ACTIVITY. Down to the last line, print the data that follows exactly, without its pictures.

DATA TO PROCESS.
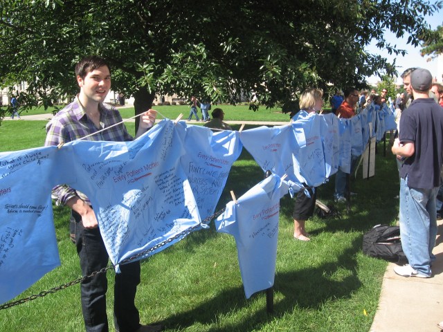 Note to conservatives: Please do not freak out, we were just joking. It's Iowa Citians' way of injecting humor into a “debate” that has begun to feel like one bad, long, headache.It was surprisingly quiet outside of McBride Hall before the start of the meeting. I saw two pro-healthcare groups. One group was for single payer, and the other group told me they were a group of UI health care workers, associated with SEIU. Faux hospital shirts with “Every Patient Matters” printed on the front, were hung on a clothesline, and anyone could go up and write their health care message on a shirt. The plan is to collect as many shirts as possible with the messages, and deliver them to Grassley. The person I spoke with, Bradley Vanwaus, had a simple message: “Every day, hospital workers see patients without insurance.”
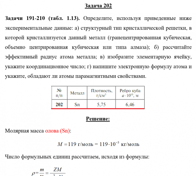 Задачи 191-210 (табл. 1.13). Определите, используя приведенные ниже экспериментальные данные: а) структурный тип кристаллической решетки, в которой кристаллизуется данный металл (гранецентрированная кубическая, объемно центрированная кубическая или типа алмаза); б) рассчитайте эффективный радиус атома металла; в) изобразите элементарную ячейку, укажите координационное число; г) напишите электронную формулу атома и укажите, обладают ли атомы парамагнитными свойствами.
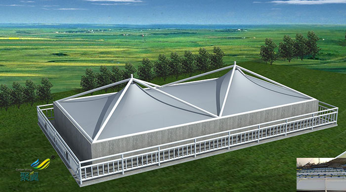 1.密封性能好;污水池加蓋的膜材具有抗拉性能強,密封性好的特點,可以將廢氣密封在一個密閉的空間,阻止廢氣與空氣的接觸,從而造成二次污染。
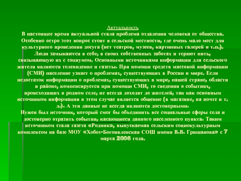 остро этот вопрос стоит в сельской местности, где очень мало мест для культурного проведения досуга (нет театров, музеев, картинных галерей и т.п.). Люди замыкаются в себе, в своих собственных заботах и теряют нить, связывающую их с социумом. Основными источниками информации для сельского жителя являются телевидение и газеты. При помощи средств массовой информации (СМИ) население узнает о проблемах, существующих в России и мире. Если недостаток информации о проблемах, существующих в мире, нашей стране, области и районе, компенсируется при помощи СМИ, то сведения о событиях, происходящих в родном селе, не всегда доходят до жителей, так как основным источником информации в этом случае является общение (в магазине, на почте и т.д.). А эти данные не всегда являются достоверными.
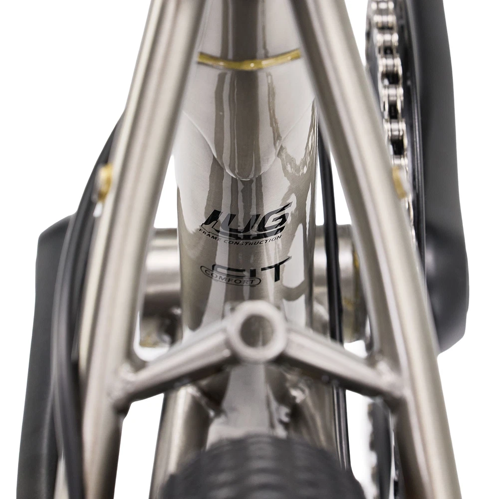 Gravis A legacy reimagined. Innovation at its core. Gravis is the perfect fusion of LUG's rich heritage and modern innovation. It combines the timeless elegance of LUG's classic craftsmanship with cutting-edge design and geometry, creating a folding bike that both honors tradition and leads the way into the future. While prioritizing lightweight and convenience, Gravis retains the warmth and depth of craftsmanship, allowing riders to still feel the elegant legacy of a century-old tradition. Origin LUG housing craft originated in Europe, with brands like Colnago, Bianchi, Cinelli, Pinarello, and De Rosa known for their LUG and steel frames, representing the peak of steel frame craftsmanship. In the U.S., Rivendell is famed for silver brazed LUGs and retro geometry. In Japan, TOEI, and in the UK, Mercian, are renowned for hand-carved LUGs and custom paint, making them highly coveted by collectors. Today, many brands are reviving these classic designs, solidifying LUGs as a symbol of high-end craftsmanship. LUG Housing Craft Compared to direct welding, the LUG housing process makes it easier to maintain consistency during frame production and allows for the use of lightweight steel tubes. LUG housing offers a larger contact area and precise angle control, making the frame connections more solid and reliable. LUG Craftsmanship: Where Tradition Meets Modern Design LUG craftsmanship blends tradition with modernity, elevating folding bicycles with its intricate design and artistic details. It preserves the elegance of classic steel frames while adding a timeless charm to urban cycling. 4130 High-Strength Steel Made from 4130 steel (C0.28-0.33%, Cr0.8-1.1%, Mo0.15-0.25%, balance Fe), this low-to-medium carbon chromium-molybdenum alloy offers excellent strength and toughness. After heat treatment, its yield strength reaches 560-700 MPa and tensile strength can go up to 700-900 MPa, combining high strength with great durability. Compared to aluminum alloys like 6061-T6 (tensile strength around 310 MPa), 4130 steel offers more stable performance under impact and fatigue loads. Its excellent weldability and machinability make it an ideal material for complex and precise frame structures, especially for high-end road and folding bike frames. Stopping Power: CNC Machined Aluminum Hydraulic Disc Brakes Precision-engineered for optimal performance, these CNC-machined aluminum hydraulic disc brakes offer superior stopping power and control. Built for durability and responsiveness, they ensure smooth braking even in demanding conditions, providing a safe and reliable riding experience.
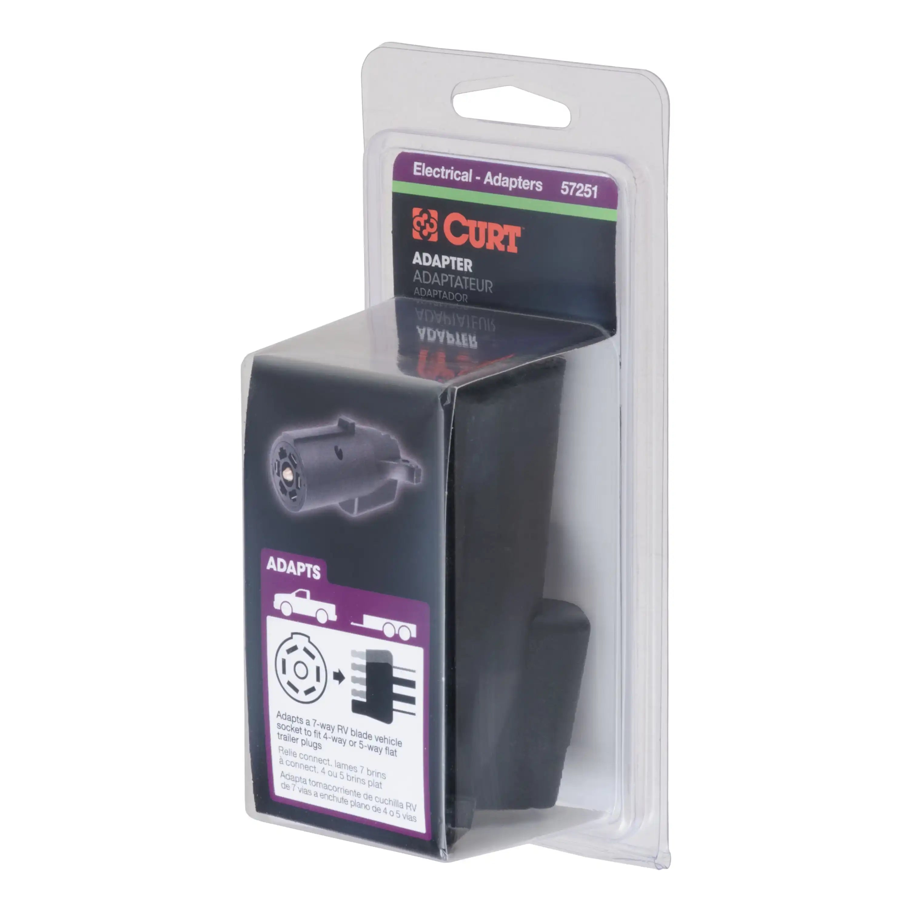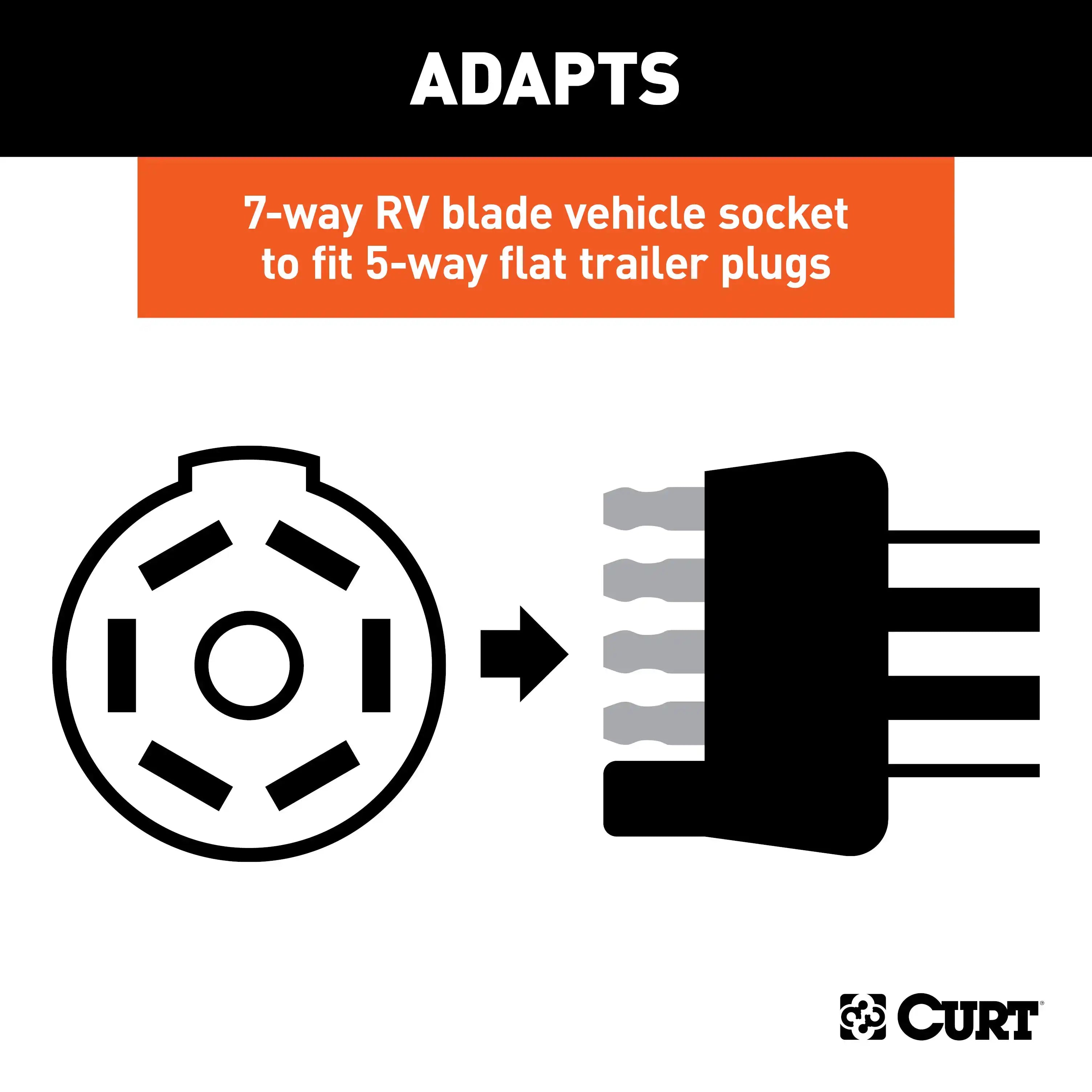 CURT 57251 - 7-Way RV Blade Vehicle-Side to 5-Way Flat Trailer Wiring Adapter
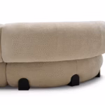 Simposio moves beyond the traditional sofa through its interplay of rounded and linear elements. Every detail has been reconsidered: the foot structure transcends its formal function to become a distinctive design element, specifically crafted to evoke the sensuality of a pressure point on fabric.

EXERCISE RESPONSE.
 Note to conservatives: Please do not freak out, we were just joking. It's Iowa Citians' way of injecting humor into a “debate” that has begun to feel like one bad, long, headache.It was surprisingly quiet outside of McBride Hall before the start of the meeting. I saw two pro-healthcare groups. One group was for single payer, and the other group told me they were a group of UI health care workers, associated with SEIU. Faux hospital shirts with “Every Patient Matters” printed on the front, were hung on a clothesline, and anyone could go up and write their health care message on a shirt. The plan is to collect as many shirts as possible with the messages, and deliver them to Grassley. The person I spoke with, Bradley Vanwaus, had a simple message: “Every day, hospital workers see patients without insurance.”
 Задачи 191-210 (табл. 1.13). Определите, используя приведенные ниже экспериментальные данные: а) структурный тип кристаллической решетки, в которой кристаллизуется данный металл (гранецентрированная кубическая, объемно центрированная кубическая или типа алмаза); б) рассчитайте эффективный радиус атома металла; в) изобразите элементарную ячейку, укажите координационное число; г) напишите электронную формулу атома и укажите, обладают ли атомы парамагнитными свойствами.
 1.密封性能好;污水池加蓋的膜材具有抗拉性能強,密封性好的特點,可以將廢氣密封在一個密閉的空間,阻止廢氣與空氣的接觸,從而造成二次污染。
 остро этот вопрос стоит в сельской местности, где очень мало мест для культурного проведения досуга (нет театров, музеев, картинных галерей и т.п.). Люди замыкаются в себе, в своих собственных заботах и теряют нить, связывающую их с социумом. Основными источниками информации для сельского жителя являются телевидение и газеты. При помощи средств массовой информации (СМИ) население узнает о проблемах, существующих в России и мире. Если недостаток информации о проблемах, существующих в мире, нашей стране, области и районе, компенсируется при помощи СМИ, то сведения о событиях, происходящих в родном селе, не всегда доходят до жителей, так как основным источником информации в этом случае является общение (в магазине, на почте и т.д.). А эти данные не всегда являются достоверными.
 Gravis A legacy reimagined. Innovation at its core. Gravis is the perfect fusion of LUG's rich heritage and modern innovation. It combines the timeless elegance of LUG's classic craftsmanship with cutting-edge design and geometry, creating a folding bike that both honors tradition and leads the way into the future. While prioritizing lightweight and convenience, Gravis retains the warmth and depth of craftsmanship, allowing riders to still feel the elegant legacy of a century-old tradition. Origin LUG housing craft originated in Europe, with brands like Colnago, Bianchi, Cinelli, Pinarello, and De Rosa known for their LUG and steel frames, representing the peak of steel frame craftsmanship. In the U.S., Rivendell is famed for silver brazed LUGs and retro geometry. In Japan, TOEI, and in the UK, Mercian, are renowned for hand-carved LUGs and custom paint, making them highly coveted by collectors. Today, many brands are reviving these classic designs, solidifying LUGs as a symbol of high-end craftsmanship. LUG Housing Craft Compared to direct welding, the LUG housing process makes it easier to maintain consistency during frame production and allows for the use of lightweight steel tubes. LUG housing offers a larger contact area and precise angle control, making the frame connections more solid and reliable. LUG Craftsmanship: Where Tradition Meets Modern Design LUG craftsmanship blends tradition with modernity, elevating folding bicycles with its intricate design and artistic details. It preserves the elegance of classic steel frames while adding a timeless charm to urban cycling. 4130 High-Strength Steel Made from 4130 steel (C0.28-0.33%, Cr0.8-1.1%, Mo0.15-0.25%, balance Fe), this low-to-medium carbon chromium-molybdenum alloy offers excellent strength and toughness. After heat treatment, its yield strength reaches 560-700 MPa and tensile strength can go up to 700-900 MPa, combining high strength with great durability. Compared to aluminum alloys like 6061-T6 (tensile strength around 310 MPa), 4130 steel offers more stable performance under impact and fatigue loads. Its excellent weldability and machinability make it an ideal material for complex and precise frame structures, especially for high-end road and folding bike frames. Stopping Power: CNC Machined Aluminum Hydraulic Disc Brakes Precision-engineered for optimal performance, these CNC-machined aluminum hydraulic disc brakes offer superior stopping power and control. Built for durability and responsiveness, they ensure smooth braking even in demanding conditions, providing a safe and reliable riding experience.
 CURT 57251 - 7-Way RV Blade Vehicle-Side to 5-Way Flat Trailer Wiring Adapter
 Simposio moves beyond the traditional sofa through its interplay of rounded and linear elements. Every detail has been reconsidered: the foot structure transcends its formal function to become a distinctive design element, specifically crafted to evoke the sensuality of a pressure point on fabric.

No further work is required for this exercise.